How did we serve more than 20,000 IPython notebooks for Nature readers?



The IPython/Jupyter notebook is a wonderful environment for computations, prose, plots, and interactive widgets that you can share with collaborators. People use the notebook all over the place across many varied languages. It gets used by data scientists, researchers, analysts, developers, and people in between.
As I alluded to in a writeup on Instant Temporary Notebooks, we, a combination of IPython/Jupyter and Rackspace, were prepping for a big demo as part of a Nature article on IPython Notebooks by Helen Shen. The impetus behind the demo was to show off the IPython notebook to readers in an interactive format. What better way than to provide a live notebook server to readers on demand?
To do this, we created a temporary notebook service in collaboration with the IPython/Jupyter team.
How does this temporary notebook service work?
tmpnb is a service that spawns new notebook servers, backed by Docker, for each user. Everyone gets their own sandbox to play in, assigned a unique path.

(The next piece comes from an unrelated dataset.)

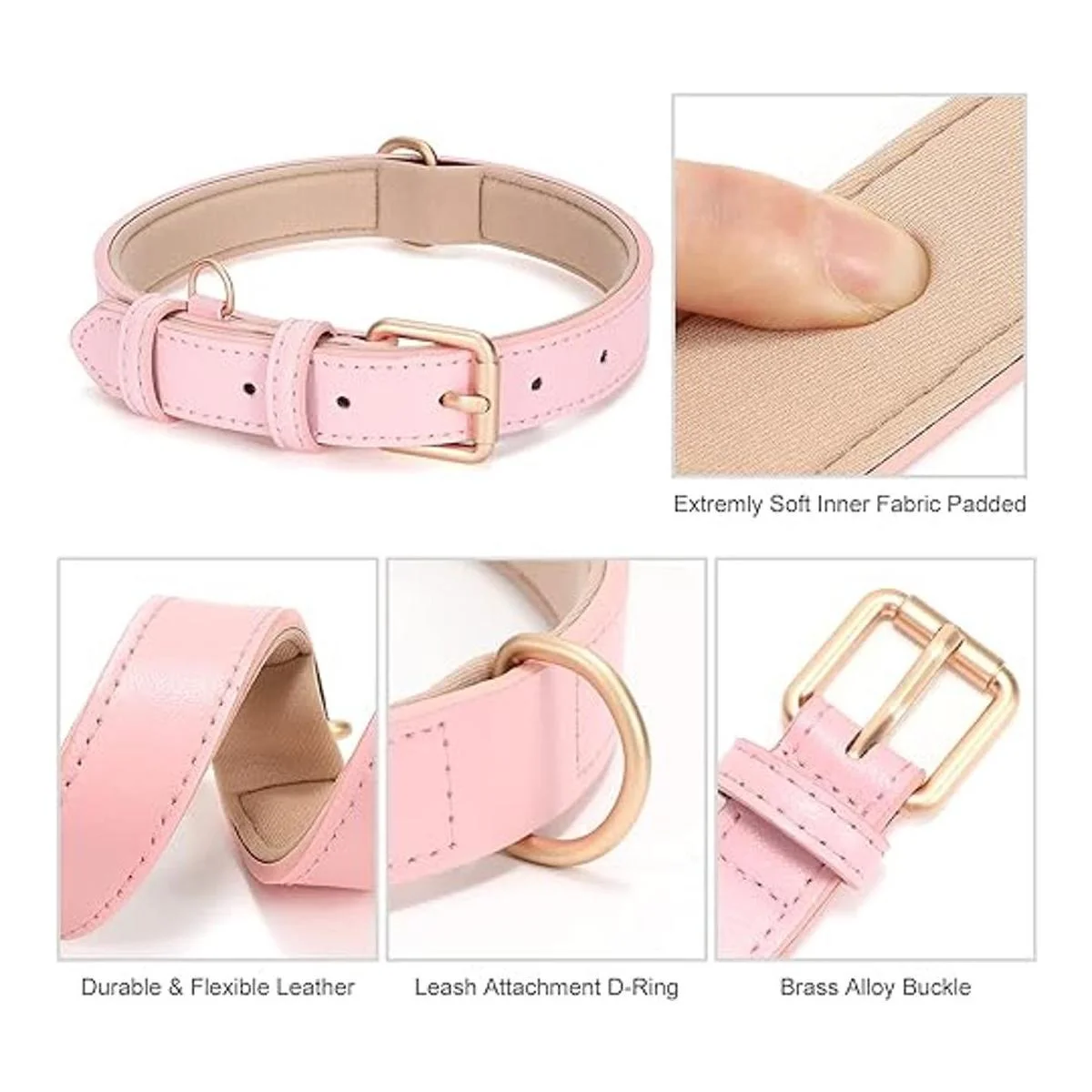 WHIPPY Collar de cuero para perros pequeños, medianos y grandes, ajustable, de cuero suave, transpirable, acolchado, con hebilla de aleación, resistente, impermeable, collar clásico para mascotas, rosa, L

When a user visits a tmpnb, they are actually hitting an HTTP proxy which routes initial traffic to tmpnb's orchestrator. From here a new user container is set up and a new route, for example /user/fX104pghHEha/tree, is assigned on the proxy.

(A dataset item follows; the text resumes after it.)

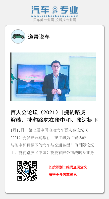 1月16日,第七届中国电动汽车百人会论坛(2021)会议在云端举行,在主题为“碳达峰与碳中和目标下的汽车与交通转型”的国际论坛上,捷豹路虎(中国)投资有限公司战略及业务发展执行副总裁解峰发表了精彩演讲。以下内容为现场演讲实录:

Planning the Notebook Demo
When Brian Granger from Cal Poly and Richard Van Noorden from Nature asked for a demo, it was quite open what that could mean. Do we have people log in to a JupyterHub installation? Refer them to Wakari or SageMathCloud?

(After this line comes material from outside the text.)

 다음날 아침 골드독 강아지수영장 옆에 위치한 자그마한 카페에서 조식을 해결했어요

The goal Richard stated was to provide at most 150 concurrent users. In the back of our minds, we in the IPython/Jupyter project knew the initial spike in traffic would be far greater and we should be able to handle the load.
I was incredibly lucky to teach at and attend the incredible and crazy event that is the Mozilla Festival. Richard Van Noorden from Nature was in attendance, as were my colleagues from the IPython community including Matthias Bussonnier, Aron Ahmadia, and Jeramia Ory. While we were all in one place we swarmed Richard with ideas about what should be in the notebook Nature readers got to interact with. After the iterations there, pretty soon we had more collaboration from David Ketcheson, a researcher at KAUST, Stefan van der Walt, a scikit-image lead, and others.
You can tell this is a community with a lot of passion and aligned around a common format that has helped propel their research.
The other crazy benefit about being in London was that I got to go to the Nature offices to talk about the architecture backing the demo and make plans for operations. Chris Ryan, art editor at Nature, would put an iframe as part of the article, expanding it into a lightbox for users when they clicked. For us, this just meant providing one URL they could rely on for content, as well as adjusting CSP or X-Frame restrictions.
Kicking the Nature Notebooks into Operation
On the day of launch, we watched as the notebooks started getting gobbled up and recycled.
After some smooth sailing, we watched as it ticked toward our 512 user mark. After reading comments on various social media sites, we decided to kick it up a notch and allow for thousands of concurrent users while the demo was live.
This bit us in a couple ways. In order to scale across hosts we would need to put the proxy and tmpnb in front of multiple Docker hosts. This was before Docker Swarm. Trying to swap largely untested pieces out from underneath production while dealing with proxy issues did not sound ideal. Instead, Min RK quickly whipped up the tmpnb-redirector, which uses the /stats endpoint to redirect users to new servers. This made rotating old nodes out easy as well.

Closing Up
In the end we ended up serving more than 20,000 notebook servers and counting.
We love IPython notebooks, the overall architecture that has been built out here, and hope to keep supporting open-source projects doing interesting things on the internet in a way that benefits community, technology, and the whole ecosystem.